Second, it's integration of automation, but don't over rely on it. Automation is good, but when it's controlled by the human and last, it's interdisciplinary approach because the risk management in AI driving world, it's not just a security, security task, it's also a task for the different other people like data scientists like AI and a male specialist. And we should work together with them. And what's uncertainties?
First, it's a cyber attack optimization. As I said in start of my presentation, a lot of malicious sectors use AI mechanisms to make the attacks more sophisticated and less detectable for us.
Second, it's automated malware. A lot of malwares now are created by AI and it reduces the costs to create and to spread them.
The third one is physical safety. It's about autonomous systems mechanisms and for example, the cars with the implemented ai, with the self-driving AI and so on, they are not so good protected right now.
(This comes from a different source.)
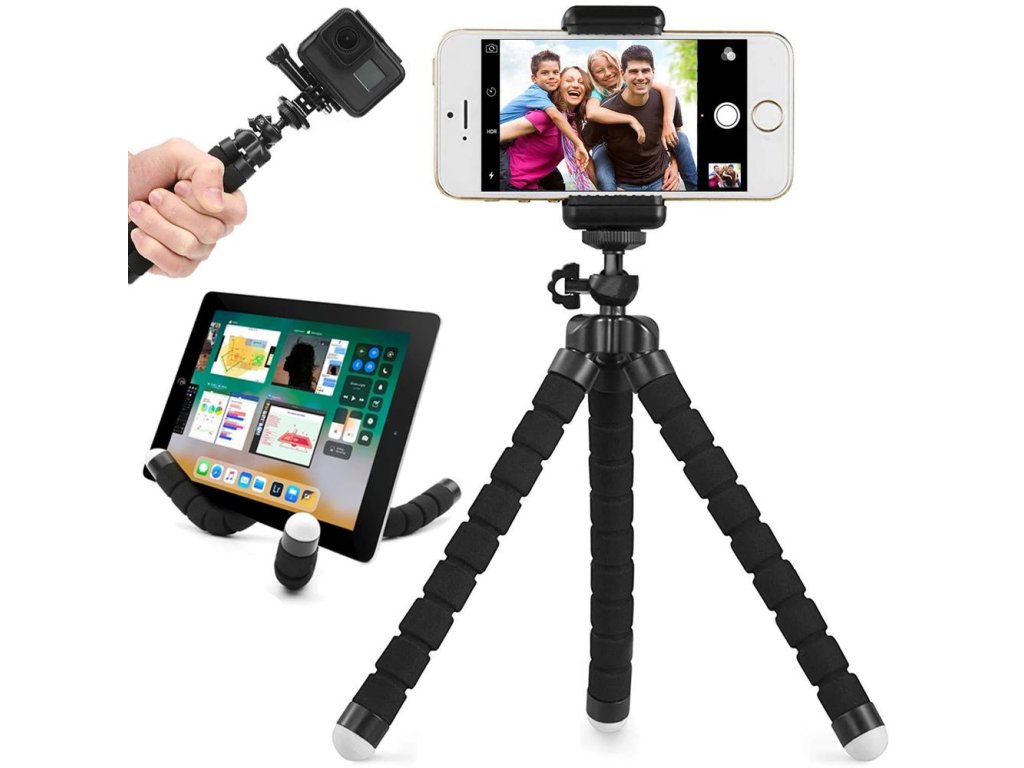 Stativ má univerzální závit pro fotoaparáty a videokamery a držák na telefon.

Uncertain is that I talked before about data manipulation poisoning. It's a real really big problem right now because it's very rare. I can see in different risk approaches, risk managements and so on.
And last, but it's more hyped. Let's say that it's impersonation with the generated ai. When someone creates your or your colleague's voice face and can make attacks without physical physical presentation. I say that only AI driving.
And the last part, what we need to do to redefine our risk management strategies, how we can make our risk management and risk assessment more better in our world.
First, as I said, it's data driven, driven risk monitoring to use more data. But we need to check that data because data poisoning is one of the vectors.
Second, it's dynamic response protocols, not only for the low level like incident response and threat response, but also for the high level R like risk response. We should continuously update AI models that we use or we want to use for the risk management because they are not stable. I mean they shouldn't be stable. They should wolf with, with the whole walls of malicious actors, malicious acting, so on. And one more, very, very, let's say stable structure is security governance. IT governance for now is more jail than security governance. Not just the management, but the high level governance.
And we need to change it because it, from the governance, there are many problems goes downstairs, like the defined risk management approaches and so on. So that's all. 'cause I think there is a reference that I used to prepare that presentation with the different approaches about threat modeling and risk modeling. I want to present that quote from Steven Hawkins. A development of full artificial intelligence could spell the end of the human race. I hope it will not happen, but it's a quote from the one person. Okay.